Сан Саныча перекосило, он покачал головой и рванул на поле, крича:
— Что окоченели! Работаем, работаем!
Пока ко мне бежали медбратья с носилками, я отыскал места, где сидели Алена и Звягинцев, сфокусировался на них…
Есть контакт! Они что-то оживленно обсуждали, и Звягинцев тыкал пальцем вроде бы в меня. Неужели узнали? Впрочем, неважно. Важно, что мне удалось их познакомить. И если я хоть немного знаю себя прежнего, Звягинцев найдет в себе силы бросить Катю, жену-пилу, и будет наконец счастлив. А там, глядишь, и за себя возьмется, брюхо сгонит.
Когда меня переложили на носилки и понесли, я наконец понял, насколько все серьезно. Если не получится зарастить трещину, это как минимум на месяц я выведен из строя! Продержится ли команда без меня? А если еще и Васенцов травмируется?
— А-а-а! — на сотню глоток заорал стадион.
— Это что было? — Еле прошептал я.
— Это ваши пропустили! — радостно объяснили местные медики.
Меня несли бережно, но все равно каждое движение отдавалось болью. В машине «скорой» мне что-то вкололи, и боль поутихла. Захлопнули дверцы — и по газам.
Сколько прошло времени с начала второго тайма? До конца оставалось десять минут, мы вели со счетом 1:3, вряд ли «соколы» успеют три гола забить. Или успеют? И ведь не узнать, как там дела, телефон остался в раздевалке.
Пока в травматологии ожидал свою очередь на рентген, все так же, будто тяжелораненый, лежа на каталке, отрицание и гнев сменились стадией торга: ладно, перелом так перелом, но, пожалуйста, пусть просто трещина или хотя бы перелом без смещения!
Тогда я вернусь на ворота раньше, чем через месяц, учитывая, что восстанавливаться я могу очень быстро. Месяц… Команде нужно будет костьми лечь, чтобы не пускать противника к нашим воротам. Или Васенцов справится? Зря, что ли, я его натаскивал?
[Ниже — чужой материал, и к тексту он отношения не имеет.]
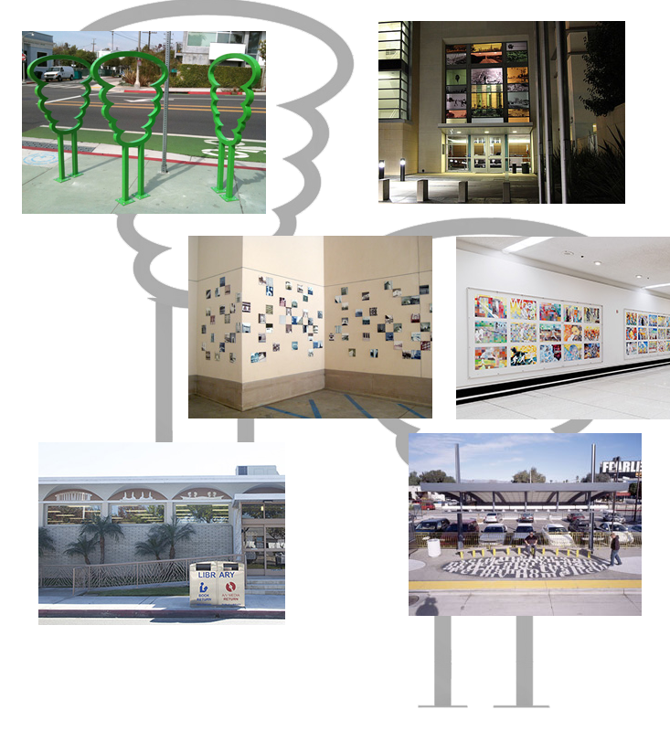 I have created numerous permanent and temporary public art projects. These include: Above the Fold, a project for the Los Angeles International Airport (May 2017-January 2018, Iconic Abstractions (2017) a permanent artwork for the Crenshaw Imperial Library in Inglewood, CA. Three bright green tree shaped bike racks for the city of Santa Monica, CA (2014) Other projects include a ceramic tile mural for the UCLA Santa Monica Hospital (2008) and projects for the MTA Orange Line and the West Valley Police Station, both in Reseda, CA (2005).
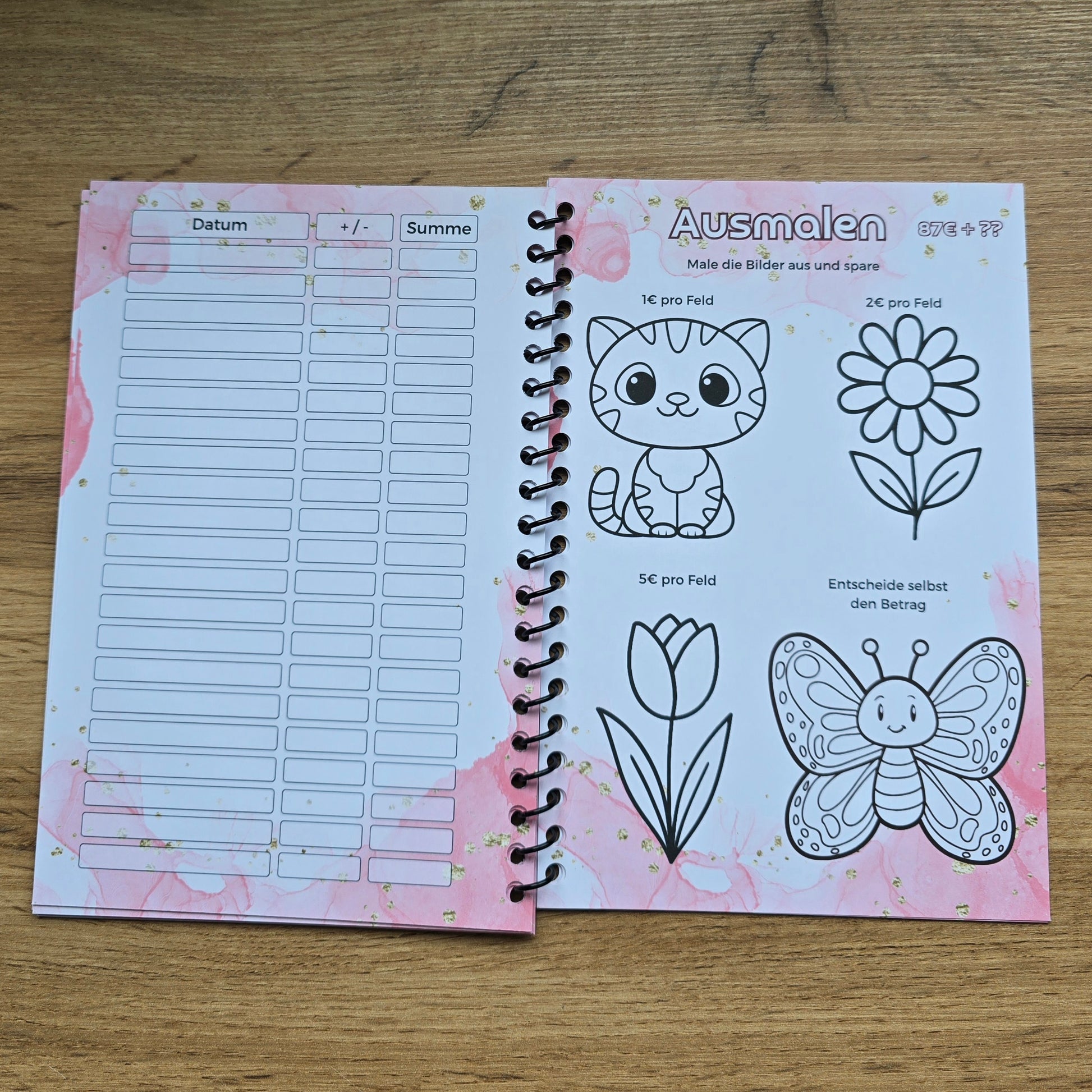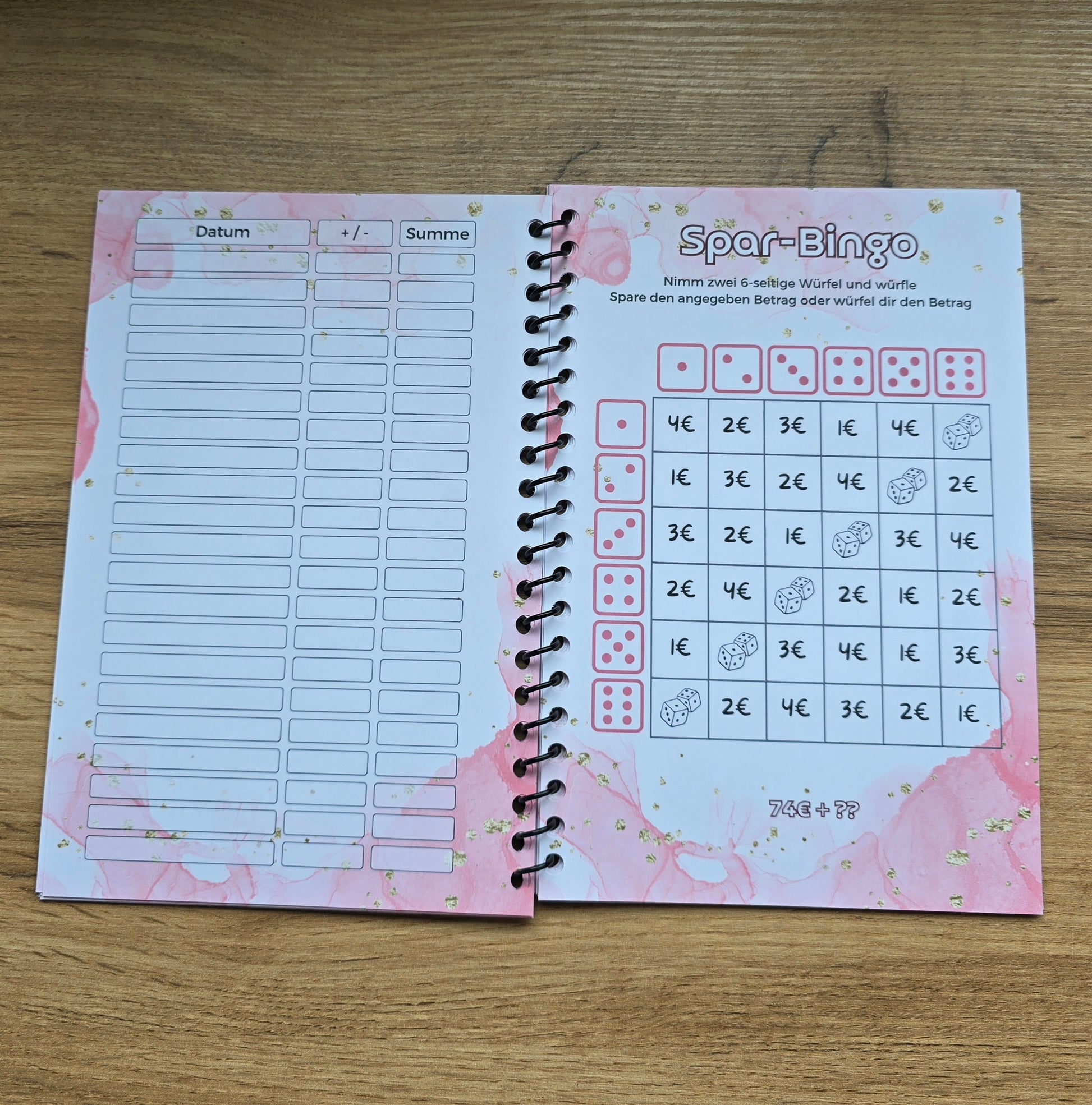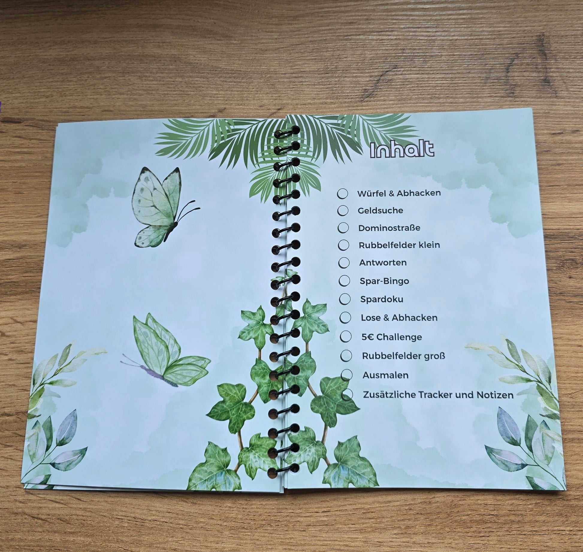 Es gibt einiges zu machen, Rubbeln, Würfeln, Lose ziehen, Ausmalen, Spardoku, Spar-Bingo, Abhacken, Geldsuche, Dominostraße, Antworten, 5€ Challenge und hinten sind zusätzliche Tracker und auch Platz für Notizen.

И вот настал момент истины — меня закатили в кабинет, и не рентген там делали, а МРТ. Мне помогли перебраться на кушетку, сверху опустилась гудящая штука, и я ощутил себя листом бумаги внутри сканера.
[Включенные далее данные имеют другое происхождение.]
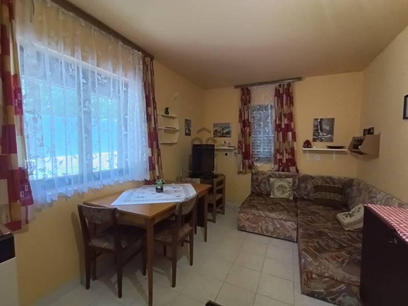 Pálköve, a maga elszigetelt békevilágával egy olyan szeglete a Balatonnak, ahová csak azok jönnek, akik nem szeretik a turisták hadát, a nyüzsgést és a forgalmat.Itt, egy hatalmas tölgyerdőben, apró kis nyaralók bújnak meg szerényen, egymás mellett, egymásra figyelve és tisztelve mindazt, amitől emberként tudunk létezni az élet forgatagában.Pálkövén -pont ezért- rengeteg ikerház épült, egy időben csak ezeket engedélyezték, jelen esetben is egy ikerház-fél keresi új nyaralóit. A ház maga a \'70-es évek végén épült, tégla falazatú, kétszintes épület, amelynek mindkét fele önálló helyrajzi számon található, önálló jogi egység!Hasznos alapterülete 85 nm, ez a földszinten két lakószobát, egy fürdőszobát és egy konyhát jelent, az emeleten pedig egy kis galériát, egy hatalmas hálószobát és egy kisebb háztartási helyiséget. A bejárat előtt nagy terasz ad lehetőséget élvezni a kristálytiszta levegőt.Egy kis köz végén található, ahol egyáltalán nincsen átmenő forgalom, az utcácskában kizárólag idősebb tulajdonosok vannak, akik ritkán járnak le, így hangos szóval, zavaró zenével itt véletlenül sem találkozhat a látogató!Az ingatlan szerkezetileg tökéletes állapotú, hangulatában pedig könnyen változtatható a jelenlegi Balatoni retró egy frissebb, letisztultabb stílusra. Azonnal birtokba vehető és élvezhető!A kert 220 nm-es, amely térkövezett, műfűvel borított és virágágyásokkal gazdagított. Az épület mögött fedett beálló lett kialakítva, ahol akár 2 autó is parkolhat.Egyedi mérőórák garantálják a teljes függetlenséget a szomszédtól, a csatorna közmű kivételével minden adott, az épület télen is lakható, fűtését gáz üzemű konvektorok biztosítják.A strand gyalogosan 5-10 perc, csodálatos természeti környezetben.Pálköve hivatalosan Kővágóörshöz tartozó kis nyaralófalu, Révfülöp és Balatonrendes szomszédságában.
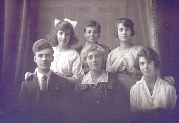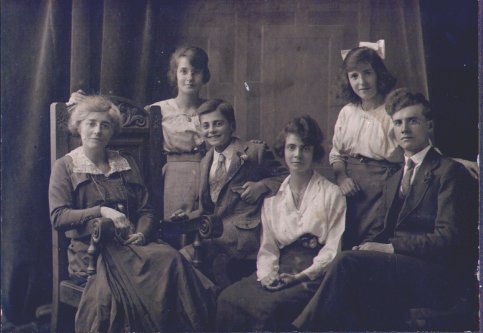 | 00027 | Florence Wilkins (nee Weston) with her family. Freda Wilkins (back left), Leslie Wilkins (back middle), Vera Wilkins (back right), Albert Wilkins (front left), Florence Wilkins (front middle), Winifred Wilkins (front right). Photographer H. M. Veale. | c. 1918 |
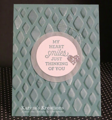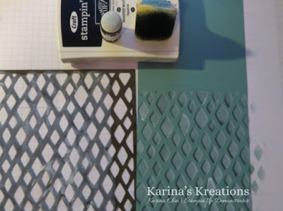 I placed the diamond stencil over Lost Lagoon card stock and sponged Lost Lagoon ink onto the card base. I moved the mask over a smidge and went over the mask with Whisper White craft ink. This is the fun effect you get.
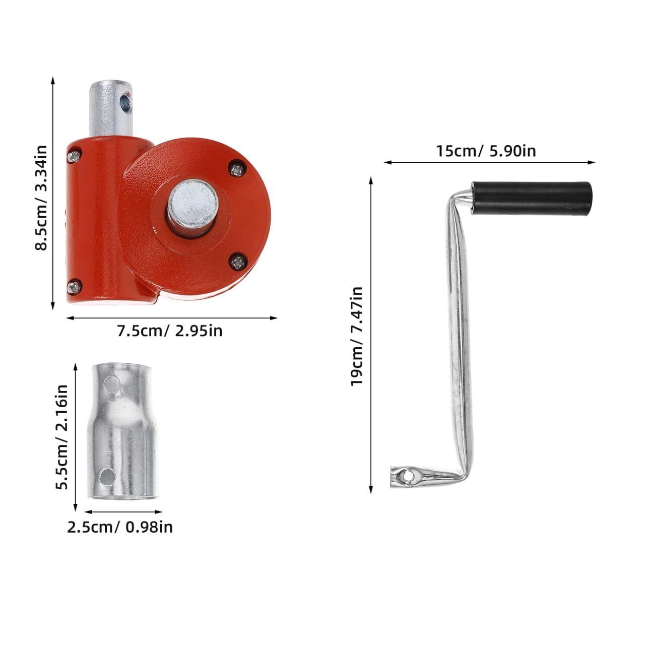 【届いてすぐ使える巻き上げ機フルセット】本体ギアボックス「約8.5×7.5cm」に加え、専用クランクハンドル「約19cm」、接続用ジョイント2個、固定用ボルト4本がすべて揃った、お得で実用的なフルセットです。

Спиной ко мне сидел специалист и смотрел на экран, где отображалось мое многослойное разноцветное тело.
— Доктор, — прохрипел я, — скажите, пожалуйста, как плохи мои дела?
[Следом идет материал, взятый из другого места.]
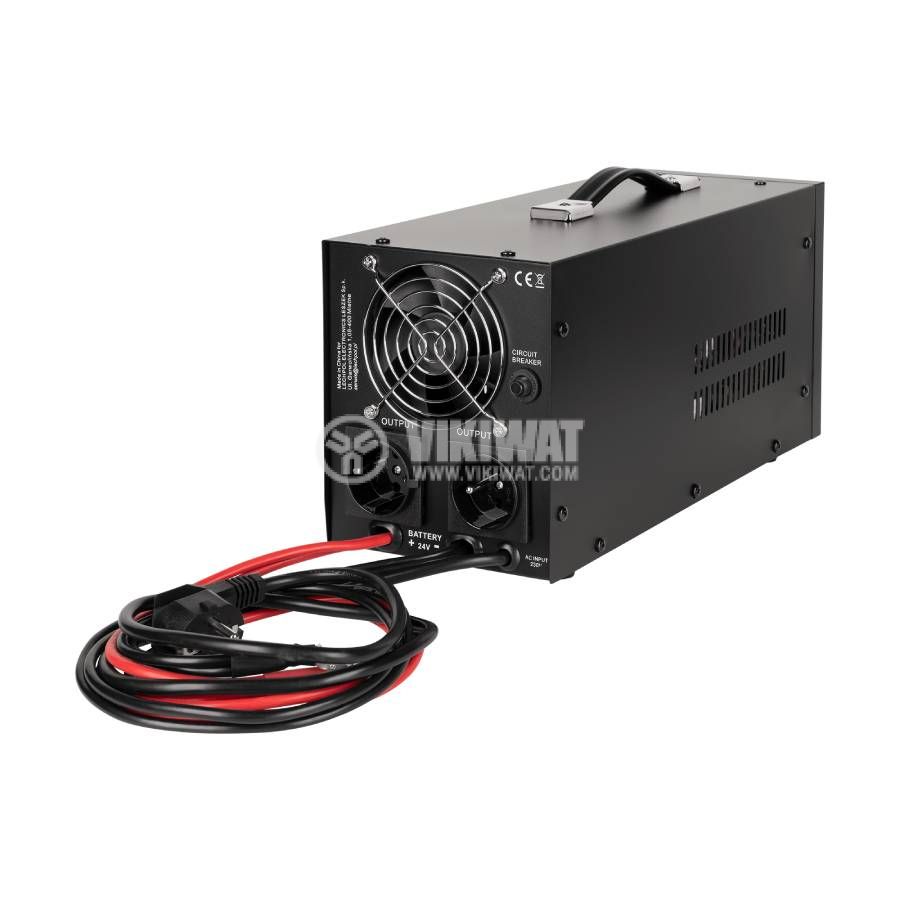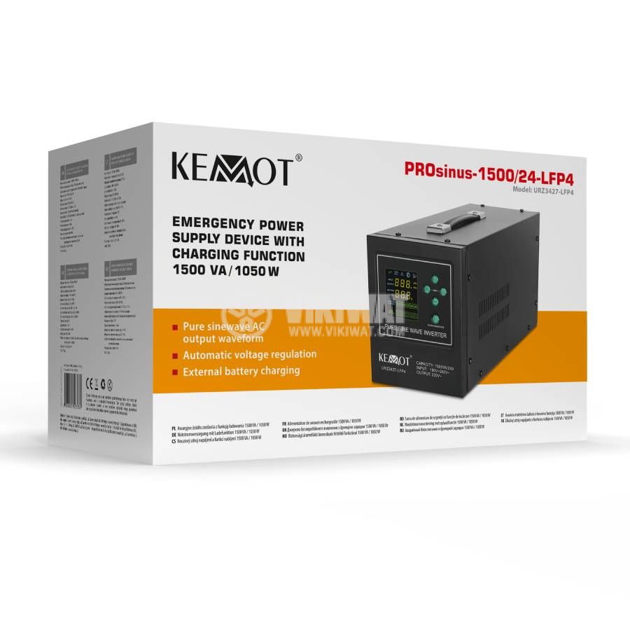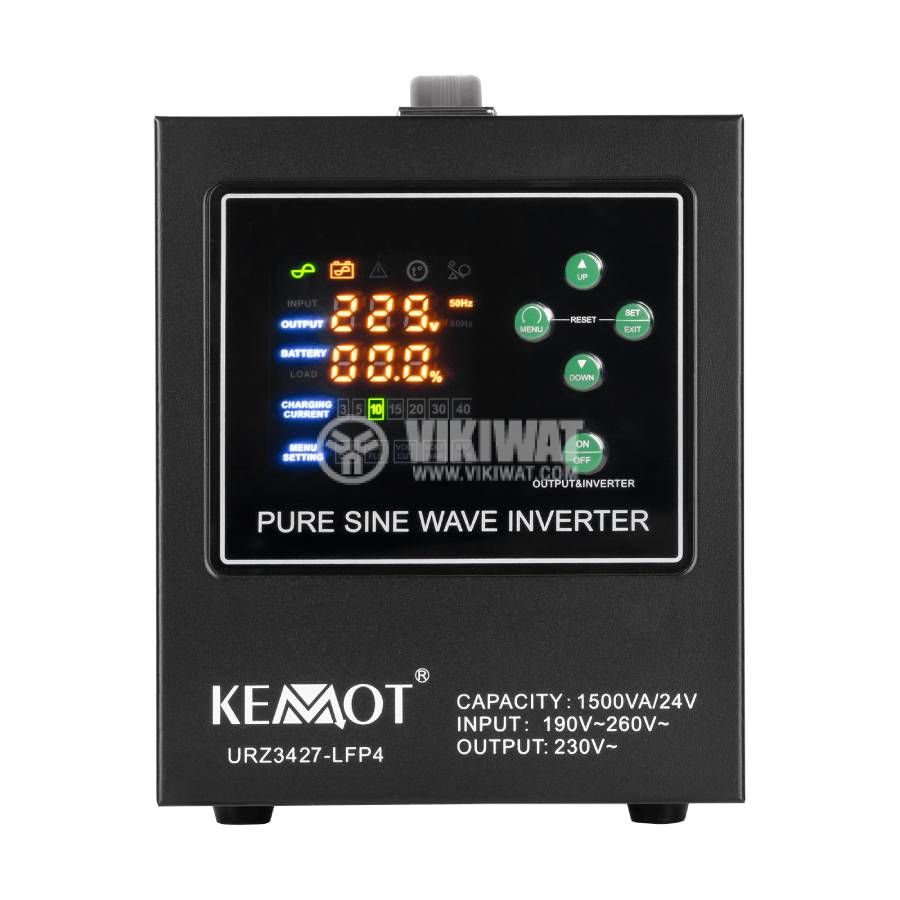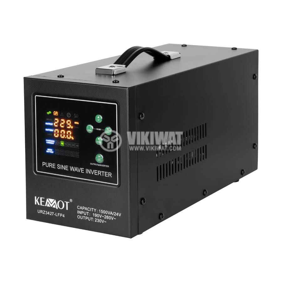 Uninterruptible power supply (UPS), URZ3427-LFP4, from KEMOT, full sine wave with low frequency 45~60 Hz, external battery up to 55 Ah (24VDC) and output power 1050 W. Emergency power supply for local heating circulators, pellet burners, and other electrical appliances. Do not connect to starter batteries.

— Перелом есть, — резюмировал он, не оборачиваясь. — Закрытый, без смещения. Плечевой сустав не поврежден.
Облегчения я не почувствовал. Все-таки перелом. Все-таки команда какое-то время будет играть без меня. Только бы до матча с «Динамо-2» очухаться, который 27 июня. Дело чести им нахлобучить, и я хочу в этом участвовать! Да все наши хотят. Примерно так же — как выросший и раскачавшийся за лето одноклассник хочет дать в морду своему давнему обидчику.
Мне помогли сесть и стянуть футболку, ведь руку я поднять не мог. Затем надели фиксирующий бандаж. Врач вручил мне огромный снимок с описанием, где ничего нельзя было разобрать. Ну почему у медиков такой адский почерк?